1. A reconstruction method based on dotted line feature fast fusion comprises the following steps:

and step 3: the line features are quickly matched from coarse to fine, firstly, the line features are extracted, the line segment segmentation detector features are detected for each image, and the extracted features are generated into binary descriptors; secondly, matching line features from coarse to fine, and performing violence matching, motion estimation and Hamming distance threshold judgment on the line segment descriptors; finally, screening the characteristic length of the line segment, comparing the pixel length of the matching pair of the line segment, and deleting the inconsistent matching pair of the line segment;

firstly, extracting line features, detecting line segments of each image by using line segment segmentation detector features (LSDs), respectively calculating values of two scale spaces during detection so as to improve the scale invariability of the line features, sequencing the line features according to the response values, and extracting and storing a binary descriptor of a first scale space of the line segment features;

secondly, matching line features from coarse to fine, firstly carrying out violent matching, searching the Hamming distance of a descriptor of a second image for all line segment feature descriptors of a first image, and finally returning the line segment with the closest distance, wherein all matching pairs with the closest distance are primary results of line segment feature matching; extracting the midpoint positions of all the line segments, screening the line segment midpoints of the two images by utilizing grid motion estimation, and quickly screening out inconsistent matching pairs; secondly, judging the Hamming distance of the binary descriptor matching result, excluding the matching pair with overlarge distance, and setting a distance threshold value to be 25 according to an empirical value in an experiment;

and 4, step 4: point-line characteristic fusion, converting the final line segment characteristic matching pair into pixel points, analyzing the pixel points with the existing point characteristic pixel coordinate positions, deleting points which are repeated with the point characteristic positions from the line segment pixel points, and finally adding all pixels of the line segment characteristics into the point characteristic pixels;

and 5: calculating the pose of the camera and the three-dimensional point cloud by using epipolar geometry, calculating an essential matrix by using a final image feature matching pair, solving the pose of the camera, solving the three-dimensional point cloud in a triangularization mode, and optimizing a result by using a light beam adjustment method.

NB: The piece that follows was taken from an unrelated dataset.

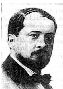
Fig. 6: Tr. Lalescu

TRAJAN LALESCU Professeur à l'Université de Bucarest

2. The reconstruction method based on the dotted line feature fast fusion as claimed in claim 1, wherein the step 4 comprises the following steps: and fusing point-line characteristics, converting the final line segment characteristic matching pair into matching pixel points, namely converting each line segment into pixels for storage, analyzing each pixel point of the line segment with the position of an existing point characteristic pixel coordinate system, namely calculating the Manhattan distance between the line segment pixels and the point pixels, if the value is 1, considering that the line segment characteristics contain the point characteristics, deleting the point from the line segment pixel points, and adding all the pixels of the final line segment characteristics into the point characteristic pixels after deleting all repeated points.